Newer research suggests that the factor in Bouma's rule (originally ½) can vary quite a bit, and might often be a little smaller (e.g., 0.4). Furthermore, a small constant should be added in the equation, and there are further caveats. Overall, however, Bouma's rule has since proven valid over a large variety of perceptual tasks. For its robustness, it is now often considered a perceptual law, similar to other perceptual laws (like Weber's law, Riccò's law, Bloch's law).

History 
Crowding, as we know today, is – except in a few special circumstances – the essential bottleneck for human pattern recognition and can be demonstrated in the easiest of ways. It is thus striking that it has been overlooked over the centuries; the cause for degraded pattern recognition has mostly been, and still is, incorrectly ascribed to degraded visual acuity.
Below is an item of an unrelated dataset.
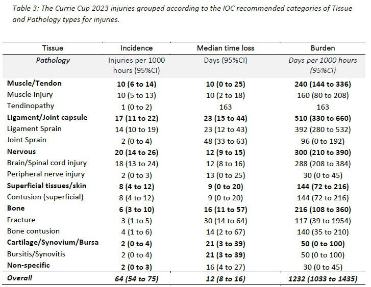 All the data in this report are aligned with the 2019 IOC consensus statement [2] and are further presented as such to compare against previous season reports and the international meta-analysis [1]. Table 3 presents the Currie Cup 2023 injury data in the format recommended by the 2019 IOC consensus statement. This table provides an overview of the Tissue and Pathology types of injuries sustained during the 2023 season. This format is used throughout this report.

The percepts in peripheral vision have already been described by Ibn al-Haytham in the 11th century as "confused and obscure". Later, James Jurin in 1738 described the phenomenon of "indistinct vision" which, in two examples, could be seen as the result of crowding. In the 19th century, the ophthalmologists Hermann Aubert and Richard Förster in Breslau/Poland described the percept of two neighboring points in indirect vision as “quite strangely undefined ["ganz eigenthümlich unbestimmt"] as something black, the form of which cannot be further specified”. Note that, in none of these examples, the description is as "blurred" or "distorted", as is often (and misleadingly) seen in today's characterizations.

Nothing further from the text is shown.